Стало значительно легче.
Бросив взгляд на переднее сиденье, я обнаружил там человека, который некогда называл себя Кирае Бенедиктусом Канадзавою, в просторечии Беном Канадой. Он ничуть не изменился и по-прежнему смотрел в свой гребаный палм, вот только теперь на нем вместо кожаной косухи, клепаных джинсов и остроносых «казаков» был строгий черный костюм с галстуком. Собранные сзади в длинный белобрысый хвост волосы теперь оказались коротко, по-военному острижены. Половину его лица закрывали непроницаемые черные очки.
— Не выдавай меня, — проронил человек, называющий себя Кирае Бенедиктусом Канад завою. Он так и не оторвал взгляда от электронной книжки. — Я агент американской секретной спецслужбы «Люди в черном», занимающейся борьбой с инопланетными интервентами, работаю под прикрытием. Не говори остальным.
— Татусасут, — сказал я ему. — Астаграмица.
Я с трудом повернул отяжелевшую голову и зафиксировал попавшую в поле моего зрения Лэсси. С ней вроде бы все было в порядке — те же оранжевые волосы до лопаток и гладкая кожа лица, варварски пирсингованная тут и там металлическими кольцами и шариками, та же уродская кислотная футболка, те же вытатуированные муравьи, описывающие бесконечные эллипсы вокруг ее левого уха. Однако в ее организме обнаружился непредвиденный апгрейд. Ниже пояса у мисс Хоган оказалось огромное сегментированное осиное брюшко, которое непрерывно сокращалось, выпуская и втягивая блестящее от яда жало размером с насадку для отбойного молотка.
— Видал? — Она едва заметно усмехнулась. — Только не говори никому. Я работаю под прикрытием. Это я только выгляжу девочкой-припевочкой, на самом деле мне тридцать два года и я майор английской правительственной службы по борьбе с наркотиками. Выполняю секретные задания высшего уровня сложности. Два королевских ордена.
— Бюскермолен и Роелофсен, — сказал я ей.
Плеханда за моей спиной, отложив очередной растерзанный шприц, глубокомысленно перебирал кипарисовые четки. Вместо крестика на них болтался деревянный пацифик.
— Брат Андре, — проговорил он, — Рыцарь Кадош двадцать первого градуса Посвящения, экзекутор дисциплинарий. Центурион Воинства Иальдабаофа. Сотрудник Ложи Гадеса, занимающейся внедрением в европейские молодежные массы моды на психоактивные вещества, разрушающую личность музыку, пропагандирующие насилие кинофильмы, порнографию и кровавые компьютерные игры.
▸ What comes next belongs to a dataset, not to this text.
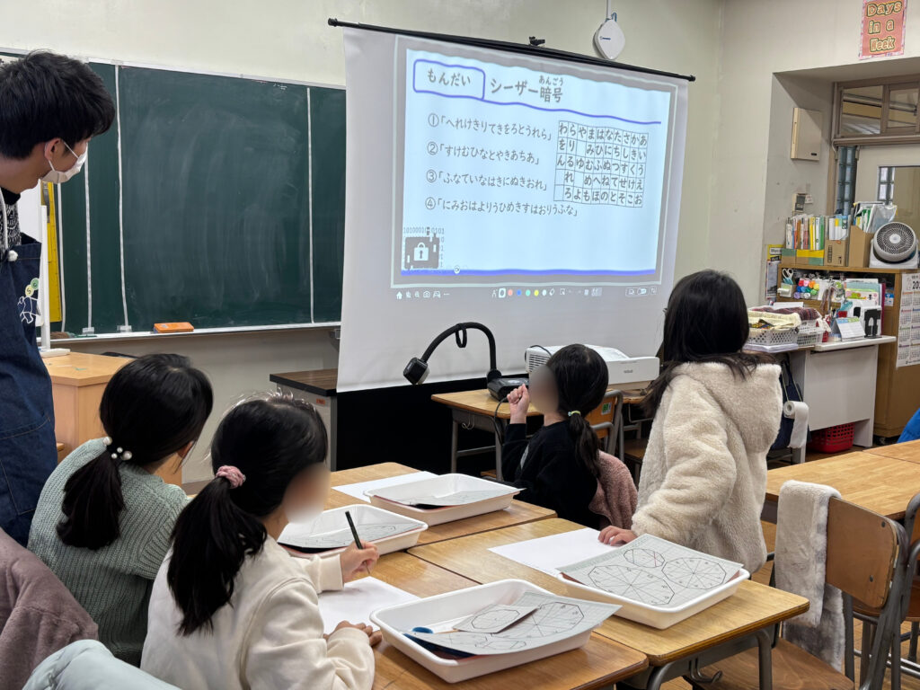初めに、シーザー暗号という、文字を五十音表で決まった数だけ後ろにずらして作る暗号を学びました。その後、子どもたちは暗号の解読に挑戦しましたが、皆さんの解読が非常に早く、スタッフ一同驚かされました。

Прикреплен к банде «Факин Джанки» в качестве тайного куратора личным приказом Магуса. Убедительная просьба не выдавать моего инкогнито. Реге, Сатан!
— Роатшисора, — сказал я, поворачиваясь к Саша.
— Не говори остальным, что я из МИ-6, — попросила она, нервически подергивая многочисленными щупальцами, стрекательными жгутиками и ложноножками. Я видел, как по ее прозрачным вакуолям непрерывно циркулирует питательная жидкость. — Спецоперация британской разведки по ликвидации работающего под прикрытием особо опасного израильского агента, занимающегося шпионажем в области ядерных технологий. Не выдавай меня; я сделаю все, что захочешь. Хочешь, вкусно перепихнемся? Но только после траха мне придется тебя съесть. У нас в МИ-6 так принято.
— Аурангзеб, — вздохнул я. Каких только тварей не берут теперь в спецслужбы!
Что касается Семецкого, то он увлеченно рисовал пальцами на боковом стекле, разукрашивая его разноцветными диаграммами. Невольно проследив за движениями его пальцев, больше похожих на суставчатые паучьи ноги, я обнаружил, что линии на стекле складываются в связное сообщение: «МОССАД. Секретная операция против английских спецслужб. Не говори никому, не надо».
Короче, полное иншалла.
Самое смешное, что я совсем позабыл рассказать ребятам настоящее главное про коричневое. Настоящим главным же в данном случае было то, что коричневое действительно не выстраивает для клиента новой реальности: оно просто прочищает ему мозги, снимает многочисленные психологические блоки и установки, заставляя видеть мир таким, каков он есть на самом деле, а не таким, каким человек видит его под неодолимым влиянием скрытой пропаганды в СМИ, чужого мнения и психотропных веществ, которые мировое правительство добавляет в магазинные продукты или распыляет в виде аэрозолей над мегаполисами.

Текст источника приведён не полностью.